The film was based on the 1937 novel Ferdydurke by Witold Gombrowicz. Being produced for international audiences, many aspects relating to Polish culture were removed, and simplified. Due to difficulties in presenting the philosophical ideas of the novel, the production focused more on the film's plot, while also putting more enthesis on depicting the social and political realities of the 1930s in Poland. The film also ends with the Invasion of Poland and the outbreak of the Second World War on 1 September 1939, which were not present in the book and took place after its publication.

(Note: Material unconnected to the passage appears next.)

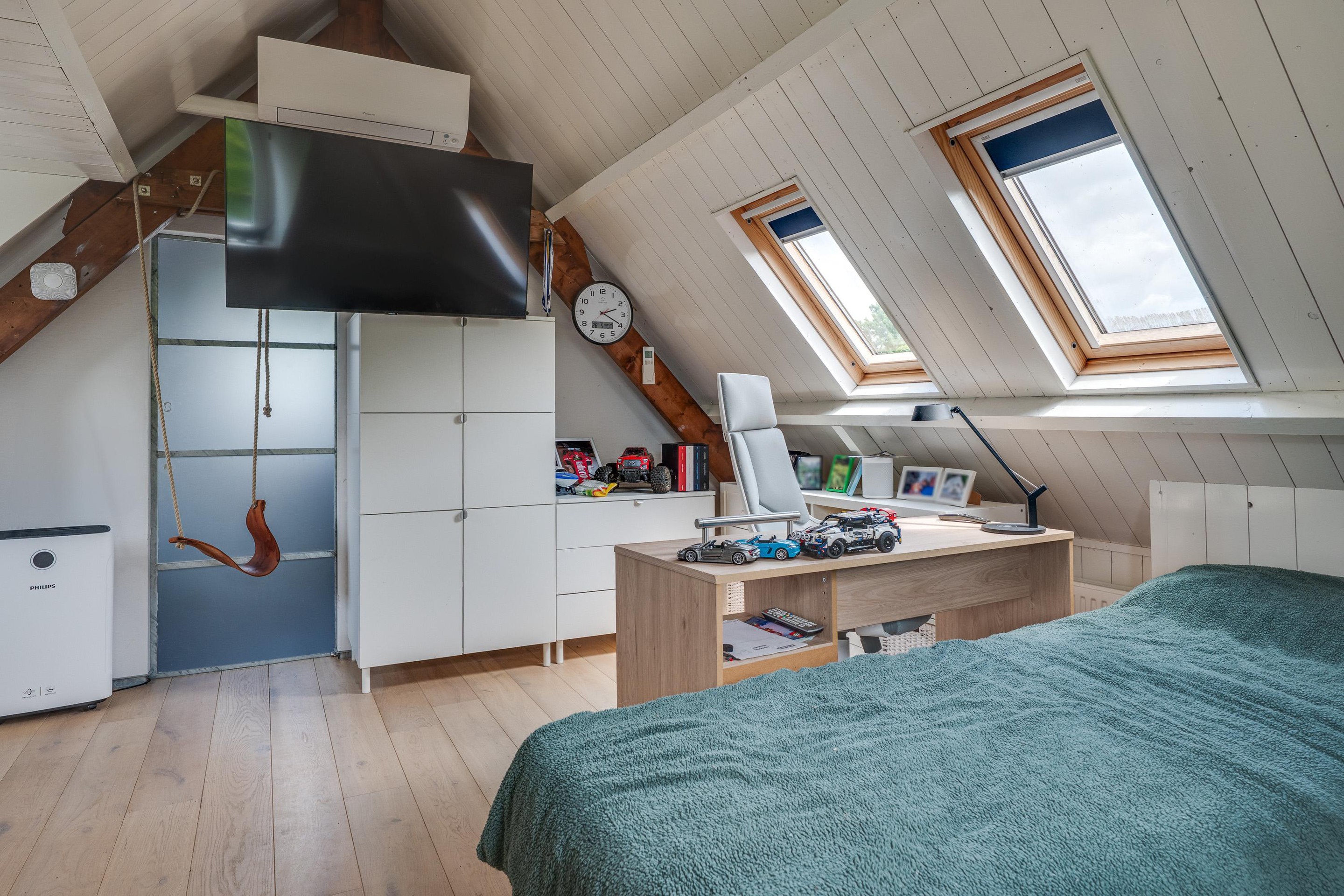Tweede verdieping Op de zolderverdieping is een derde slaapkamer gerealiseerd. De oorspronkelijke kapconstructie is zichtbaar gebleven waardoor deze kamer een karakteristieke sfeer heeft. Ook deze kamer is voorzien van een airconditioner/inverter die kan koelen in de zomer en verwarmen in de winter. Vanuit deze zolderkamer heeft men een fraai uitzicht op de groene achtertuin. Tevens is op de tweede verdieping een bergruimte waar de CV-installatie gesitueerd is. De moderne en recent vernieuwde HR cv ketel is uitgevoerd met een warmtepomp boiler voor de warmwatervoorziening.

The Polish-language film's title, Ferdydurke is a meaningless word coined by Gombrowicz. The English title, 30 Door Key, was coined as phonetically similar to the Polish equivalent. Skolimowski stated that, aside of phonetics, the title is also meant to symbolise the main character, a 30-years-old, looking for a key to the metaphoric doors between infantilism and maturity. It was also intentionally kept grammatically incorrect.

== Reception ==
The film was received with mostly negatively, with both audiences and critics finding it confusing. The simplification of the plot, which was seen as not interesting, at the expense the philosophical ideas present in the original novel, were wildly criticised, being seen as effect of the attempt to adopt the story into the international markets. The critic Mateusz Werner stated in 1992, that "Skolimowski essentially mistook the novel's plot for its substance", and argued that the scenes from the book were adopted too literally, missing their philosophical and symbolic aspects. In 2016, the British Film Institute described it as "artistic misfire".

The critical failure of the film led to Skolimowski's 17-year break in directing. In 2022, he described the film as a wrong choice, badly executed, and said that the result was very poorly received.